[[ AVAILABLE DATA open ]]

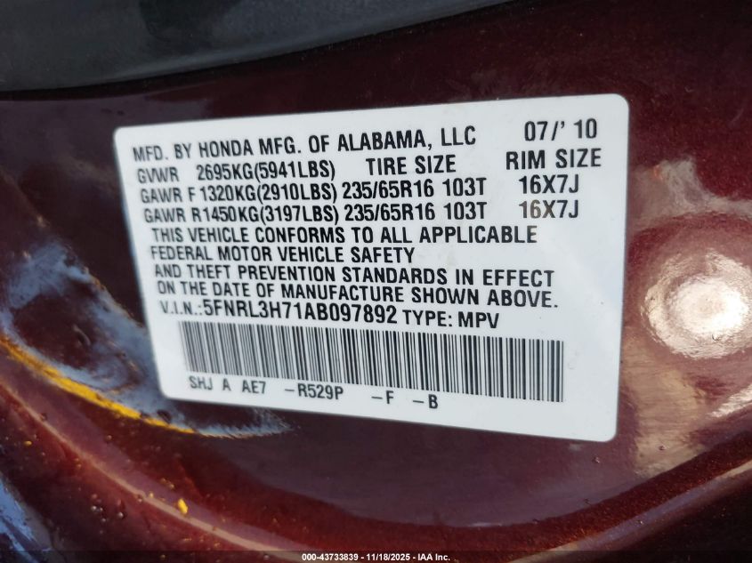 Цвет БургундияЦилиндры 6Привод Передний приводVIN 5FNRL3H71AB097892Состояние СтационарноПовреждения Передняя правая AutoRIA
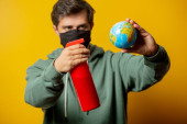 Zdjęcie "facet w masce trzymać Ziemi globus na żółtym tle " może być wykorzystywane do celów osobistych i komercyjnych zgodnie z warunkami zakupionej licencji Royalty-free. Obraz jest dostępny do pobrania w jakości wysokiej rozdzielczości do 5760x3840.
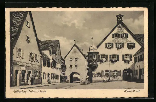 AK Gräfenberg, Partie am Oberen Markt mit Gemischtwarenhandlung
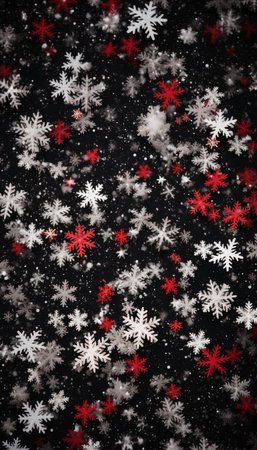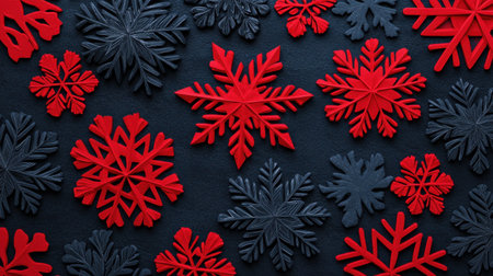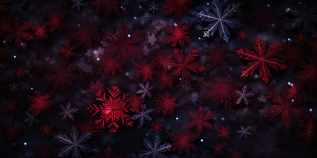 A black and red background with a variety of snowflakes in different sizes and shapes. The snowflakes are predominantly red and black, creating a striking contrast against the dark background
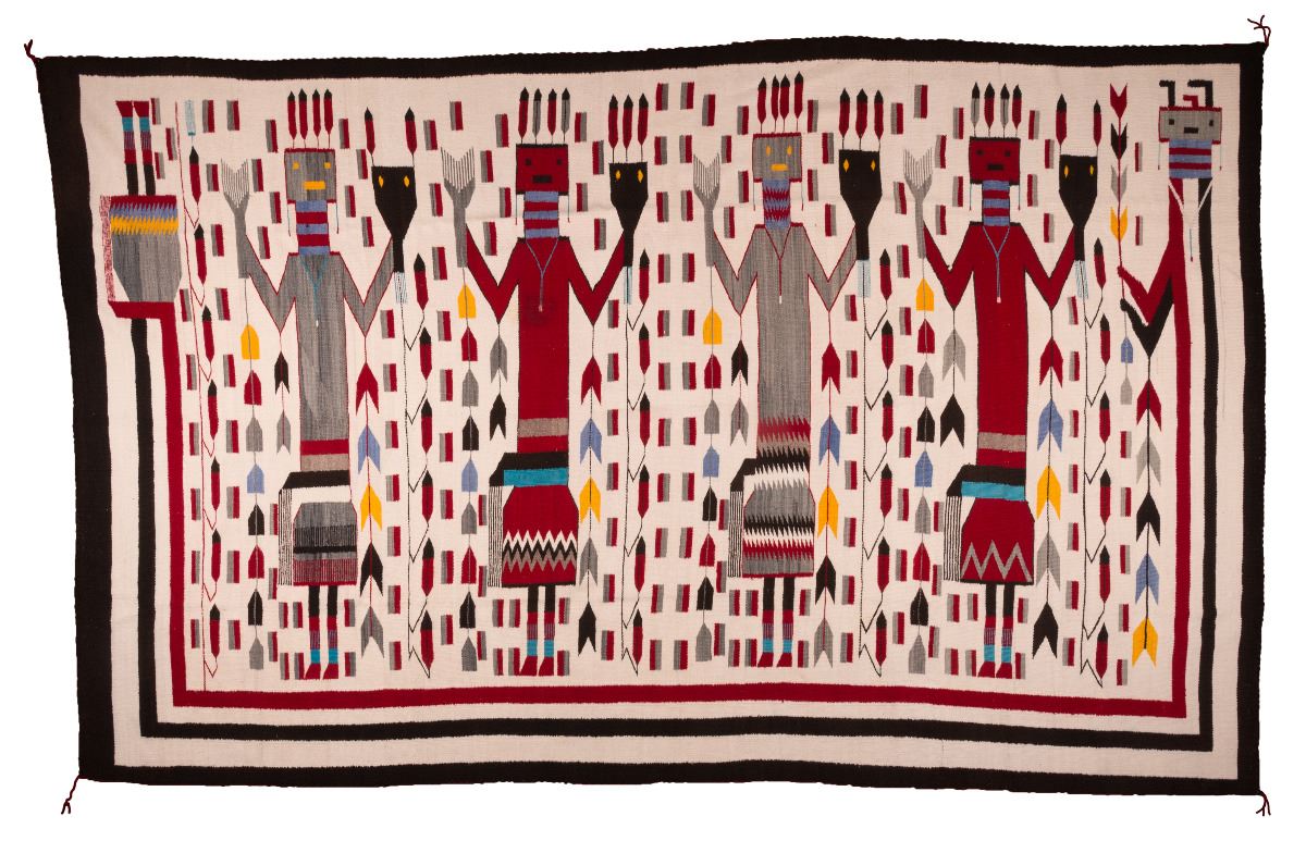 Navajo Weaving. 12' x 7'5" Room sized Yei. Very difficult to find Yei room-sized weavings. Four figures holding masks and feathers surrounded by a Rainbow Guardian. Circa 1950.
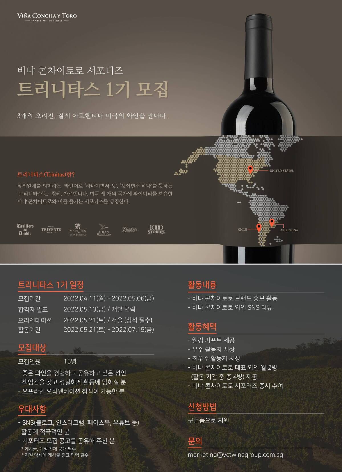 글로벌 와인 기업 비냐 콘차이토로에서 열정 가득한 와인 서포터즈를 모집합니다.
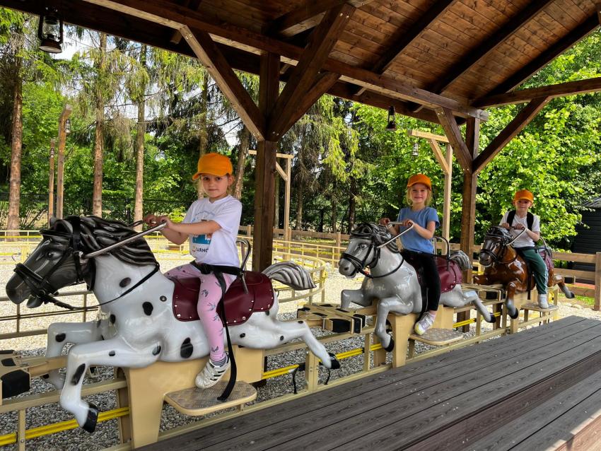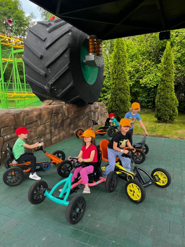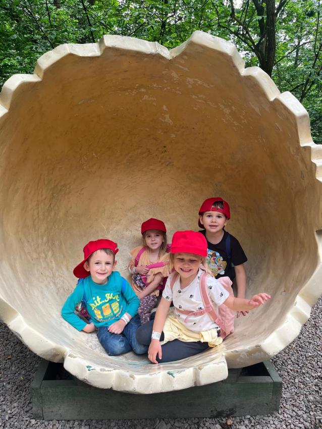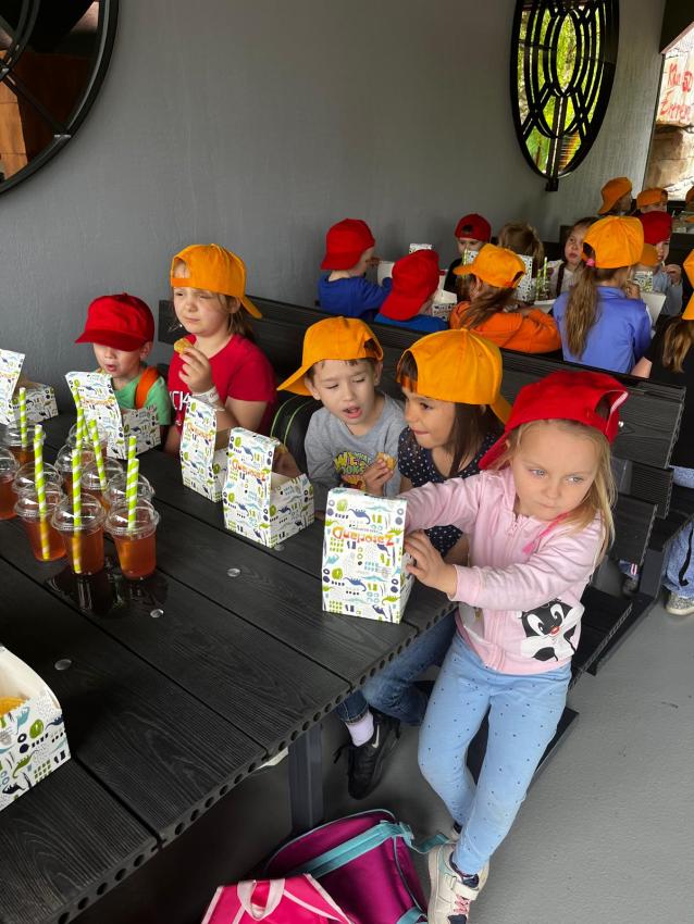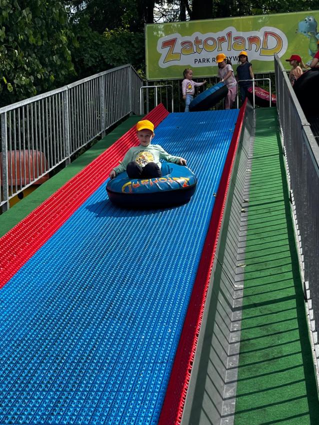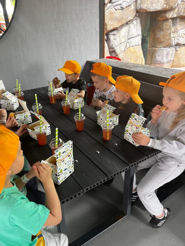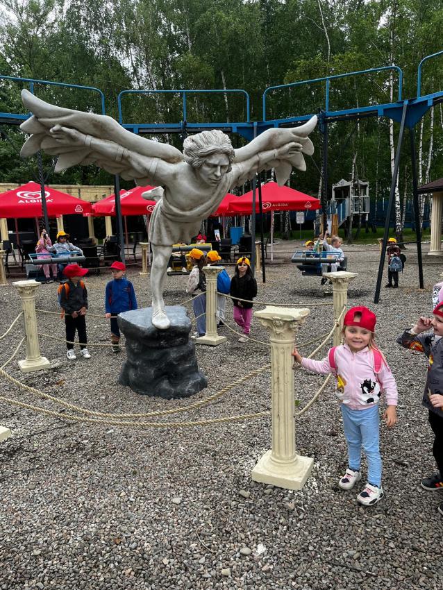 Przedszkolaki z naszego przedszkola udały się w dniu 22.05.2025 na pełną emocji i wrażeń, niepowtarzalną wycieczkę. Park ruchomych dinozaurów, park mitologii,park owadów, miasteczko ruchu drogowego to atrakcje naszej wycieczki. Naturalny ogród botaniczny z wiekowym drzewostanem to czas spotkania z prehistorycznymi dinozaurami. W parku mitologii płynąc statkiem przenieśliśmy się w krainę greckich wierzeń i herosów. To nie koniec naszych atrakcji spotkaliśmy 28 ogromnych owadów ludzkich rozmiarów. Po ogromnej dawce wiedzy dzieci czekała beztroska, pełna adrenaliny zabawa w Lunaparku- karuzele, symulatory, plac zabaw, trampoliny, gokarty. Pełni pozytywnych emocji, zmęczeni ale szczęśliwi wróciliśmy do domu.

[[ AVAILABLE DATA closed ]]
[[ AVAILABLE DATA open ]]

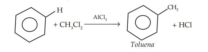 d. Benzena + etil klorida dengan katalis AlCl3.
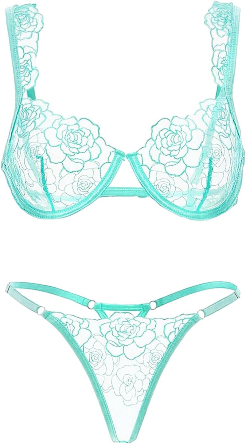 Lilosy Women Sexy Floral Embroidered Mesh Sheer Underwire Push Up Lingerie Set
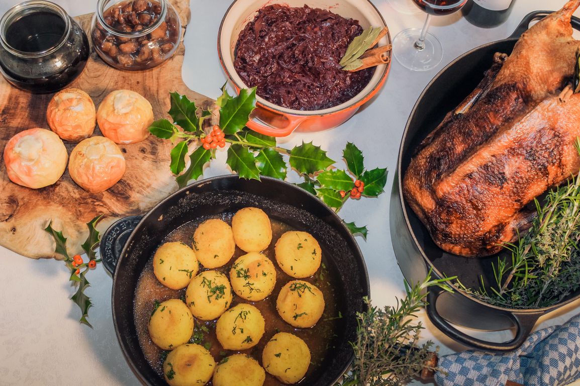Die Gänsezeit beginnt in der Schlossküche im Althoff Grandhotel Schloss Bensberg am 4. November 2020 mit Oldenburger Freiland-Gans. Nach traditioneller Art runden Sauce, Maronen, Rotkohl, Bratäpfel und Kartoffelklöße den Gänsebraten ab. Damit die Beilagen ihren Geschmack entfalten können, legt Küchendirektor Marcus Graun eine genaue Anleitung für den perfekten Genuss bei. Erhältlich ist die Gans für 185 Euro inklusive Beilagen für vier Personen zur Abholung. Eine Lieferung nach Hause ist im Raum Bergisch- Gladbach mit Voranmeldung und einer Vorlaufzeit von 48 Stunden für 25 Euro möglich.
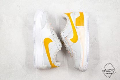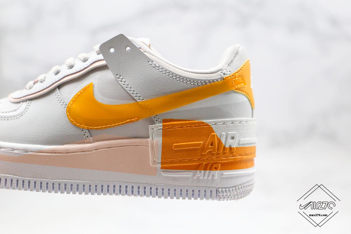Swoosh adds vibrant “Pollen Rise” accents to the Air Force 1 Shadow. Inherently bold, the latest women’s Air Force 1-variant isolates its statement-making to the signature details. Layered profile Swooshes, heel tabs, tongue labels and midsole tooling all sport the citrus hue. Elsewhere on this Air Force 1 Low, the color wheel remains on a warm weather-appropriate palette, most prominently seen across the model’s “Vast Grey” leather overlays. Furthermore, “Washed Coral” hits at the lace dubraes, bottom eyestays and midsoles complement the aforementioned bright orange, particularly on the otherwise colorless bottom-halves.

[[ AVAILABLE DATA closed ]]

WORK INSTRUCTION:
The answer is those lines of the material above that run from the one containing "d. Benzena +" up to and including the one containing "Lilosy Women Sexy", restated exactly and without images.

RESULT FOR THIS TASK:
 d. Benzena + etil klorida dengan katalis AlCl3.
 Lilosy Women Sexy Floral Embroidered Mesh Sheer Underwire Push Up Lingerie Set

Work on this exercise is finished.